AI as a QA Engineer's Assistant: Local RAG for Test Documentation

2327 words 12 minutes RAG QA LLM local AI N8N Qdrant Python

The idea didn't come from a desire to "automate routine tasks" or follow trends. I wanted something different: a counterpart that knows the documentation as well as I do. One that holds the entire structure in mind — requirements, test methods, test cases, their relationships and contradictions. One that remembers what was in version 2.1 and how it relates to section 4.3.

A local AI agent that lives inside the corporate perimeter and works with the same knowledge base I do.

Not an executor that needs context explained from scratch. Not a keyword search engine. Оne that understands document structure, grasps the meaning of a query, and operates with the same concepts the team uses.


Documentation in QA: Volume as a Systemic Problem

In QA, documentation is not supporting material. It is the working environment: test programs and methodologies, technical requirements, specifications, test cases, protocols, reports.

On an active project, the volume of these materials grows constantly. New versions appear. Old ones are revised. Documents reference each other. At some point, the documentation ecosystem becomes genuinely complex — too complex for any single person to hold entirely in their head.

The problem is not laziness. The problem is that humans are physically poor at handling large volumes of loosely structured text — especially when wording shifts between versions, a project has many components, and requirements and test cases are scattered across different documents.

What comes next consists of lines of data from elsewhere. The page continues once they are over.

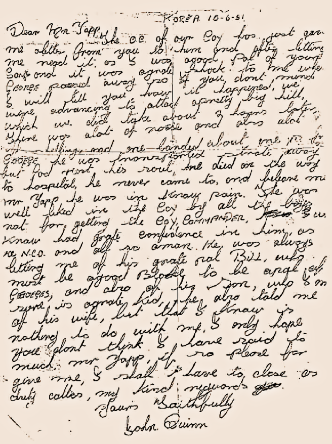 The OC of our Coy has just shown me a letter from you to him and after letting me read it as I was a good pal of your son and it was a great shock to me when George passed away, so if you don't mind I will tell you how it happened, we were advancing to attack a pretty big hill which we did take about 3 hours later. There was a lot of noise and obviously a lot of shelling and one dropped about 1 yard from George, he was transported straight away but God rest his soul he died on the way to hospital he never came to and believe me Mr Yapp he was in no pain. He was well liked in the Coy by all the boys not forgetting the Coy commander we know had great confidence in him as an NCO and also as a man. He was always telling me of his great pal Bill who must be a good bloke to be a pal of George's and also of his son who I am sure is a great kid, he also told me about his wife but that I know has nothing to do with me. I only hope you don't think I have said to much Mr Yapp if so please forgive me I shall have to close now as duty calls, my kind regards
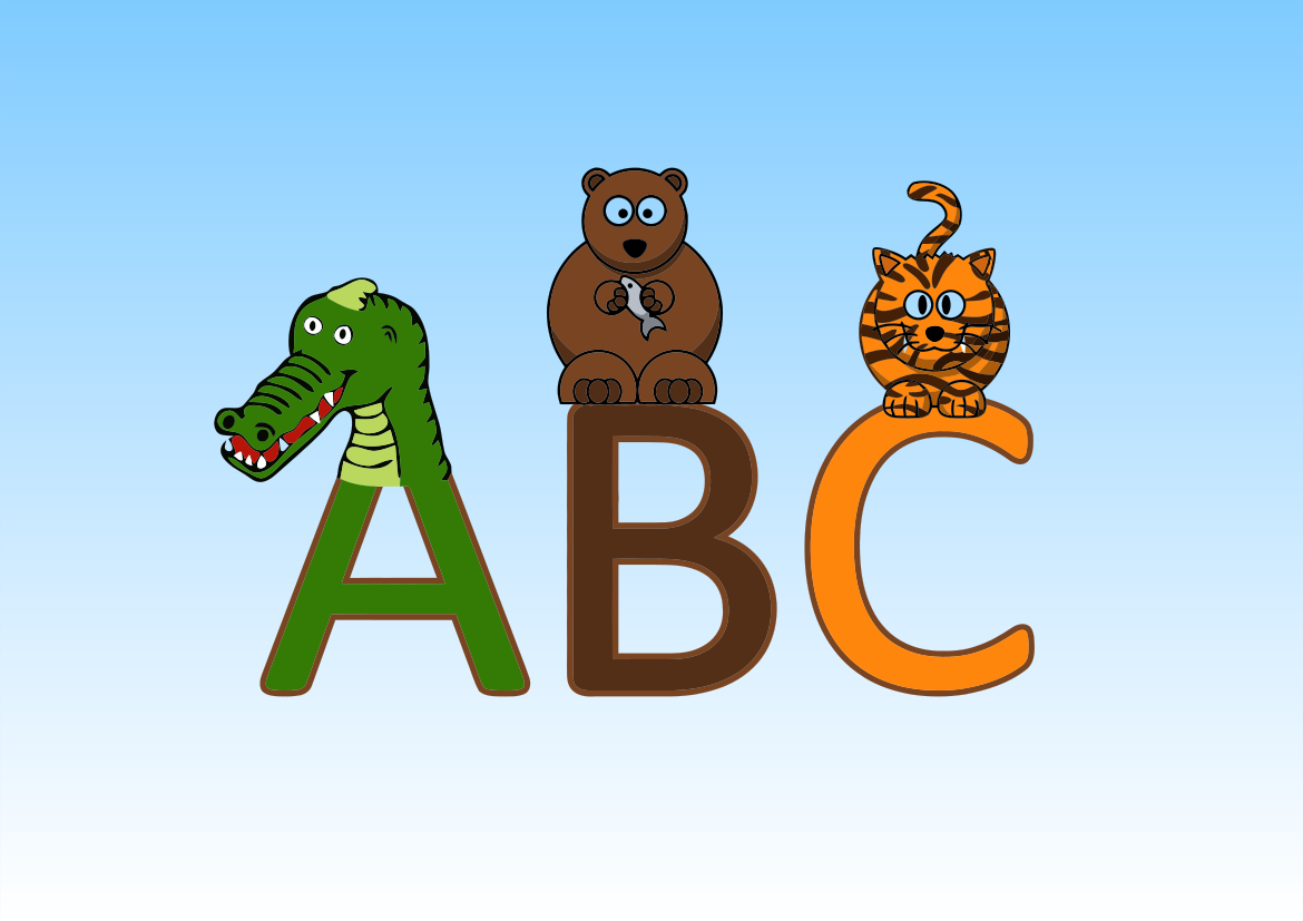 This features a unique representation of the alphabet, with each letter accompanied by an animal. The letter A is adorned with an alligator, while the letter B has a bear above it. The letter C is represented by a cat. This creative arrangement of letters and animals creates a visually appealing and memorable way to learn or teach the alphabet.
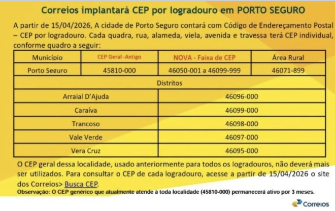 O Correios anunciou a implantação do sistema de Código de Endereçamento Postal (CEP) por logradouro no município de Porto Seguro. A mudança passa a valer a partir do próximo dia 15 de abril e promete trazer mais precisão e agilidade na identificação de endereços.
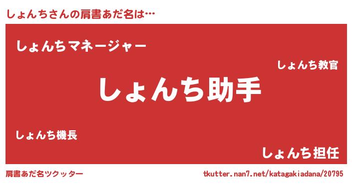 | 男性向けラノベタイトル風あだ名 | 『おまえをオタクにしてやるから、俺をしょんちにしてくれ! 』 |
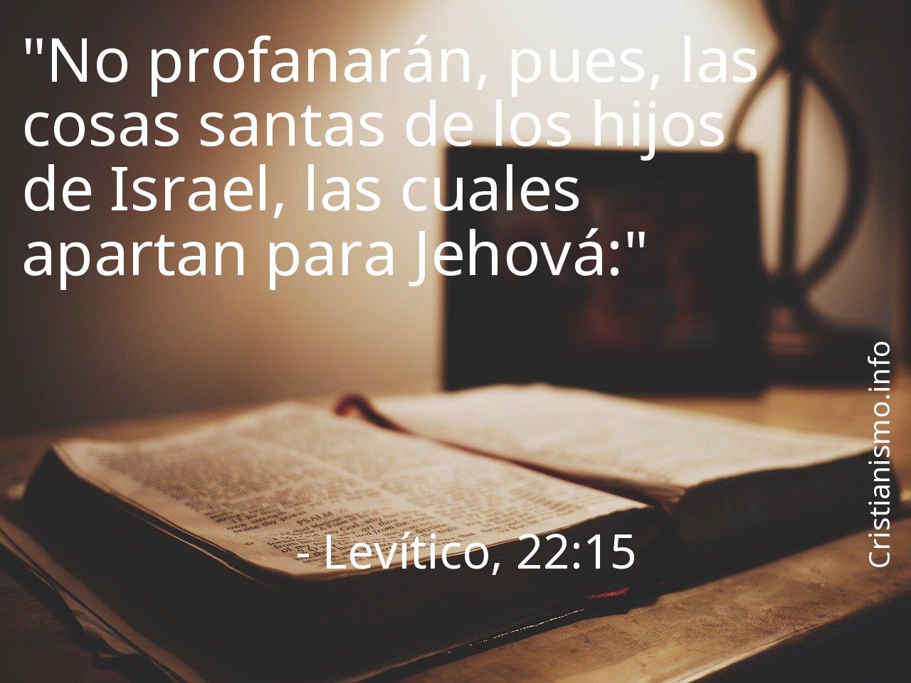 Es conveniente tener continuamente presente el versículo Levítico, 22:15 de La Sagrada Biblia de tal forma que podamos hacer una reflexión en torno a él.Quizás deberíamos preguntarnos ¿Qué trataba de proponernos Dios con el versículo Levítico, 22:15? ¿En qué coyunturas de nuestro día a día tenemos la oportunidad de hacer valer lo que hemos alcanzado a saber gracias al versículo Levítico, 22:15 de La Sagrada Biblia?

I didn't want an executor. I wanted a twin: an agent that already knows the project context, understands the document hierarchy, and can reason at the level of meaning — "what is being tested here", "what does this overlap with", "what is missing". And one that runs entirely locally, without a single byte leaving the company perimeter.


Why Not the Cloud

Technically, the simplest path is to connect a cloud LLM and build RAG on top of it. That can be done in a few days.

In my case, that option wasn't on the table — for several reasons at once.

Confidentiality. The product the team works on is a proprietary development. The documentation contains commercially sensitive information. Sending technical specifications to an external LLM service creates legal risks and directly violates obligations to the client.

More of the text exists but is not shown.